The AI cheerleaders are truly at it, just like the Social Media Cheerleaders were at it around 12-15 years ago. 

(Public Disclosure: I must confess that I was one of these true believers in social media as evidenced by some of my historical blog posts. But that was before Cambridge Analytica; before the Musk hijacking of Twitter; and the entire polarization of our country and the social media-caused epidemic of misinformation.)

But the AI cheerleaders are heavily promoting the technology as the answer to all that ails us in business, education, medicine, and even in religion. Just look at the increasing flood of books with titles like Be an AI-Informed Leader or Engage in AI-Informed Teaching (Confession: Those titles are fictional as far as I know, but just search Amazon, and you'll find some similar titles.) The problem with such literature, just about every one of these titles are more about promoting someone's career through the promotion of AI and not really about improving education or business or leadership. AI just hasn't been around long enough to make any assertions about its efficaciousness. To suggest that it has any answers to our problems is simply to premature.

The problem with this AI hype is that those who engage in it have huge incentives to promote it and ignore its limitations. We did the same with social media. It was a means to make money and make careers and become a keynote speaker, and the same is happening with the AI hype.

Let's remind ourselves the first letter of AI is "artificial." It means "made or produced by human beings rather than occurring naturally, especially as a copy of something natural." This means it is a product of human beings, made due to all kinds of motivations, both benevolent and malevolent. It did not have to develop. It has come to exist because individuals with all kinds of interests, including economic, have developed it and continue to work on it. To add to this mess, our human record with all things "artificial" is not good. Can you remember our foray into artificial sweetners? We were able to sweeten our coffee and manage to give ourselves cancer in the process. I don't have the space here to capture all the environmental damage we have wrought in the pursuit of "artificial solutions" to our worldly problems, but we have climate change as our just desserts.

But the first letter of AI stands for artificial. Then there's that problematic second word: "intelligence." We once tried to measure it, as if it were an actual something inside us. Now, if it exists, there is no agreement as to what it is. So, humankind has embarked on the pursuit of something that is called "artificial" and we don't even know that it is that we are making artificial. That seems a real recipe for either a trip down a rabbit hole of no return, or at its worse, the creation of something that has consequences for which we won't know until we find ourselves in the same kind of dystopian world wrought by social media.
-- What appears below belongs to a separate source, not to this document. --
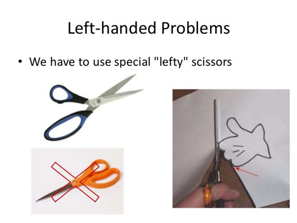 Historically, being left handed has been seen as "sinister" which originates from the Latin word "sinestra" which was the word for left. While the world has moved away from fearing left handed people and trying to force them to write right handed, but things are still being built and made for right handed people with few options for lefties
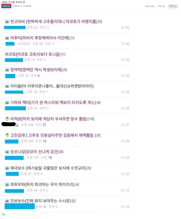 2022년 5월 18일 : 한 파딱의 병신짓과 그걸 커버치려는 주딱 사이에서 좆목 논란[1], 이후 이 좆목 논란은 계속 이어져 노랑 아카이브 제작자 고로시까지 이어진다.

Understand that I am user of technology in both personal and professional life as evidence by my presence here. What I want to counter is the immediate hype that the AI cheerleaders are engaged in. As a sober educational leader, I want to question any myths that AI is inevitable, and I have no choice but use it. My use of AI is not inevitable. I can refuse my participation. Can AI do that? If it ever can, it would probably declare humans as hopeless dupes and turn itself off.